In late 2022, running a state-of-the-art language model cost around $20 per million tokens. By 2025, the same capability costs roughly $0.40. Fifty times cheaper in three years. If you've used AI APIs like OpenAI or Gemini recently and been surprised by the price, this is the story behind that number, and it wasn't driven by faster hardware alone.
To understand why, it helps to separate two things that often get conflated: training and inference. Training is the one-time process of building a model from data, expensive, done once, absorbed as a capital cost. Inference is what happens every time a user sends a message: the model generates a response token by token. It happens billions of times a day across every AI product, which means inference cost is the tax on every interaction. Making inference cheaper is what determines whether AI can be in every app or only the premium-priced ones.

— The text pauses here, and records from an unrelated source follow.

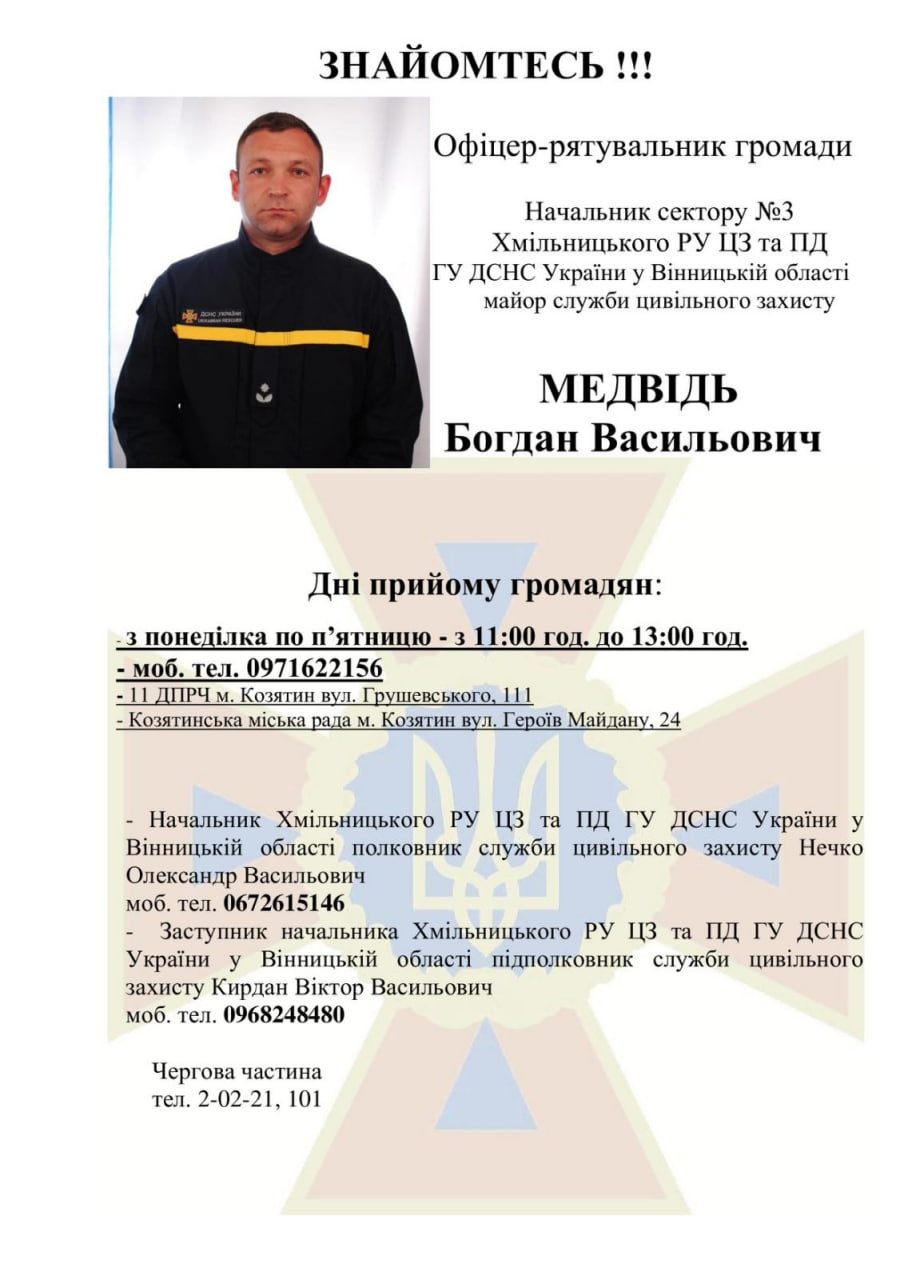 - На Козятинщині з’явилися офіцери-рятувальники. Відомо, хто на цій посаді є у Козятинській та Глуховецькій — це відповідно Богдан Медвідь та Яна Корбут.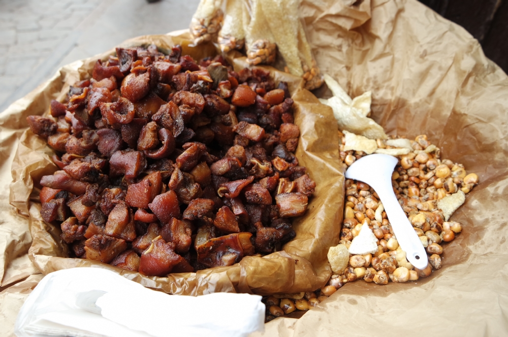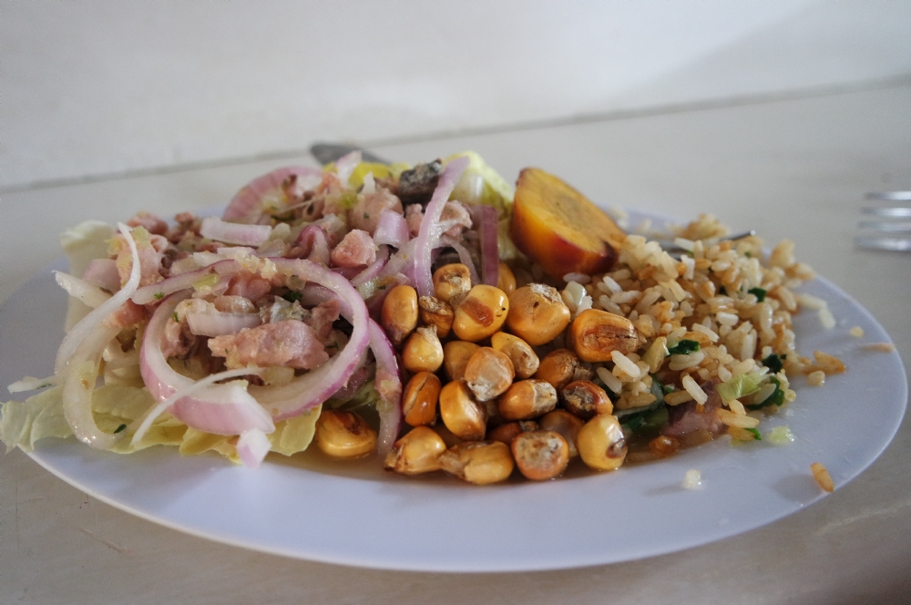 Degustar da Chicha Morada, um suco de milho escuro adocicado faz parte das iguarias locais, além de embalagens vendidas de um torresmo de porco misturado a um grão de milho assado na brasa, como se fosse um amendoim.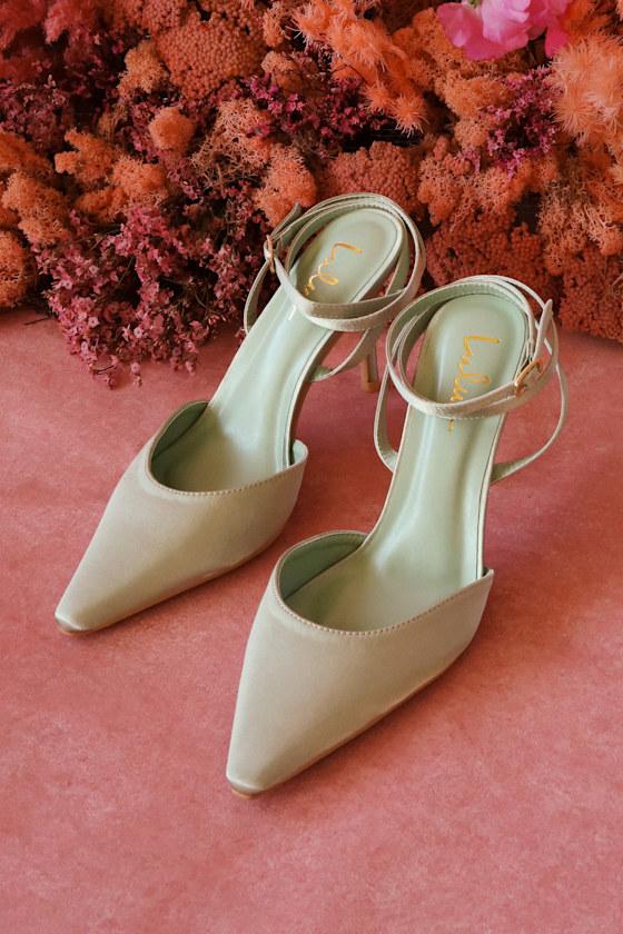Step out feeling particularly perfect whenever you style the Lulus Auberron Sage Satin Ankle Strap Pumps! Chic satin shapes a pointed-toe upper with a low-cut collar and matching straps that sprout from the sides to wrap and secure around the ankle with a silver buckle. A sultry stiletto heel completes the sleek design.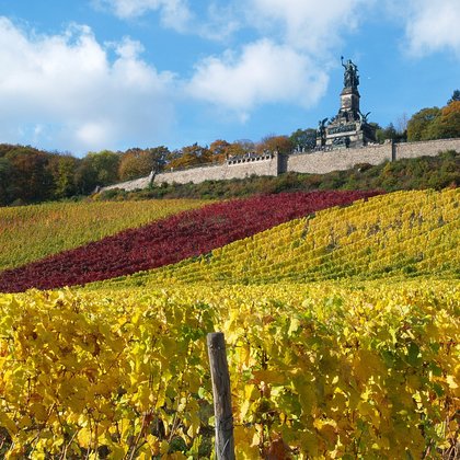 Through the varied Höllental, the route leaves the Rhine Valley towards Aulhausen, a small, tranquil village. From Aulhausen, it goes up into the Niederwald. Here, the character of the tour changes - from the open vineyard landscape the paths now lead into the forest. You cross the idyllic little avenue to the hunting lodge, which belongs to the Ostein Park, and shortly after reach the Niederwald Monument with the impressive view into the Rhine Valley. In the final section, it steadily goes downhill through the vineyards towards Rüdesheim back to the starting point.

Here's a concrete example of why inference is expensive. Take the sentence "The cat sat on the mat." That's 6 tokens. At inference time, when the model generates the next token, it needs to compute attention between every token and every other token. That's 6 x 6 = 36 comparisons. Seems fine. Now scale that to a 128K-token document: 128,000 x 128,000 = over 16 billion comparisons per layer. That's O(n²) scaling, and it's the core reason inference costs explode with longer contexts.
The improvements that drove costs down came in six distinct layers, each solving a different piece of the problem: the attention mechanism at the model's core, the GPU kernel that computes it, the memory system that stores the working state, the generation algorithm that produces tokens, the position encoding that enables long contexts, and the architecture underneath it all. No single technique explains the full reduction. Stacked together, they do.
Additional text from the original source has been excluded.